Segundo reportagem do jornal Folha de S.Paulo, publicada no dia 17 de janeiro, Dirceu conversou por telefone celular com James Correia, secretário da Indústria, Comércio e Mineração do governo da Bahia. Segundo a matéria, a conversa ocorreu por intermédio de uma terceira pessoa que visitou Dirceu. Na ocasião, a defesa do ex-ministro negou que a conversa tenha ocorrido, mas a Secretaria de Segurança Pública do Distrito Federal  abriu processo administrativo para investigar o caso.
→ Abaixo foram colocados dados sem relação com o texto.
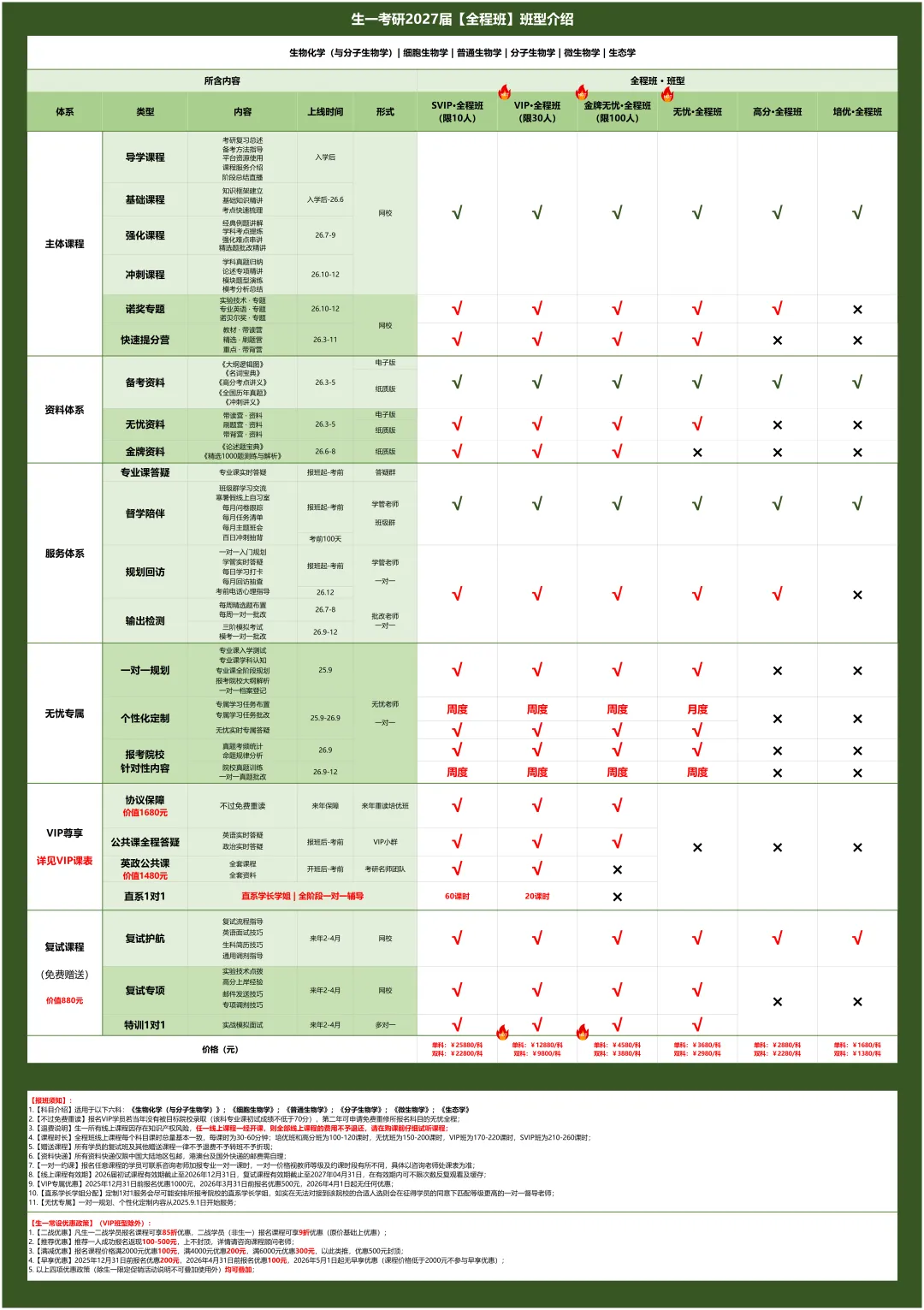 生一生物考研【27全程班】已经开课!现在报名即可获得一对一专业课辅导!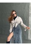 Sade ve düz deseniyle zamansız bir görünüm elde ederken, denim kumaşı dayanıklılığı ve şık duruşuyla ön plana çıkar

O processo de sindicância envolvendo o ex-ministro foi arquivado pela direção do presídio, mas a VEP determinou que a apuração fosse reaberta porque as partes envolvidas, como Dirceu e agentes penitenciários, não foram ouvidas. A decisão fez com que o pedido de trabalho externo fosse suspenso.  Dirceu recebeu proposta para trabalhar no escritório do advogado José Gerardo Grossi,  atuando na pesquisa de jurisprudência de processos e ajudando na parte administrativa. O horário de trabalho é das 8h às 18h, com uma hora de almoço.

Em ofício enviado à VEP, o Centro de Internamento e Reeducação, parte do presídio destinada a presos em regime semiaberto, informou que arquivou o caso porque não havia necessidade de apuração da suposta falta grave cometida. O diretor da unidade prisional concluiu que o fato era “inverídico”. Ao tomar conhecimento da medida, a Justiça determinou que a investigação fosse concluída e que os depoimentos do ex-ministro e dos agentes penitenciários, tomados.